1.6. **Equipment** - equipment specified in the acceptance certificate (Appendix No. 1 to this Agreement).
1.7. **Operator's Website** - a set of web pages on the Internet with the home page at: cifracapital.ru, through which access to all other web pages of the Site is provided.
1.8. **Cell Usage Fee** - the amount of the fee for the right to use the Cell under certain conditions (parameters) agreed upon by the Operator and the User. The fee may be changed during the term of this Agreement depending on the following parameters: classification of the User's Equipment, availability and number of free consultations, and other additional parameters.

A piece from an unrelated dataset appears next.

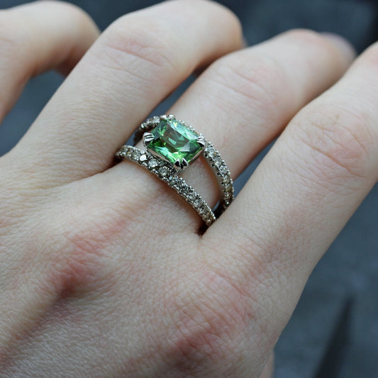 PETITE FINESSE 0.15CT GREEN SAPPHIRE SET IN PLATINUM

The fee is indicated in the Invoice, the User's personal account, and may also be indicated on the Operator's Website.
1.9. **User's Personal Account** - a personal account located at: cifracapital.ru, accessible using the User's unique login and password. The parties acknowledge and agree that the use of the login and password is equivalent to the User's handwritten signature.

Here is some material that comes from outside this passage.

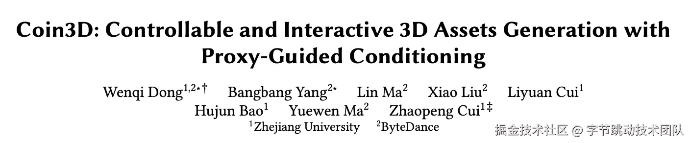 近日,来自浙江大学 和 字节跳动 PICO MR研究团队在SIGGRAPH2024中发表了论文《Coin3D: Controllable and Interactive 3D Assets Generation with Proxy-Guided Conditioning》。该论文提出了一种使用文本描述驱动的3D模型可控生成方案Coin3D,可以根据用户搭建的粗糙几何模型与简单文本描述来生成带纹理的三维模型,在功能上类似于3D版本的ControlNet。

1.10. **Billing Period** - 1 (one) calendar month.
1.11. **Email Address of the Parties** - the email address (Email) specified as the contact address of the Party in this Agreement or in the Party's notification of its change, sent in the manner prescribed by this Agreement, including through the User's Personal Account.
1.12. **Services** - additional options and services provided by the Operator to the User under this Agreement. The list of available Services and their cost is posted on the Operator's Website.
2. SUBJECT OF THE AGREEMENT
2.1. The Operator grants the User the right to temporarily use the Cell by providing space for the placement of Equipment, and the User undertakes to accept the Cell and pay the Usage Fee in the amount established by this Agreement.
2.2. The location of the Cell is specified by the Parties in Appendix No. 1 to this Agreement.
2.3. The name of the Equipment placed by the User, its characteristics, and the Usage Fee are indicated in the Invoice, which is an integral part of this Agreement.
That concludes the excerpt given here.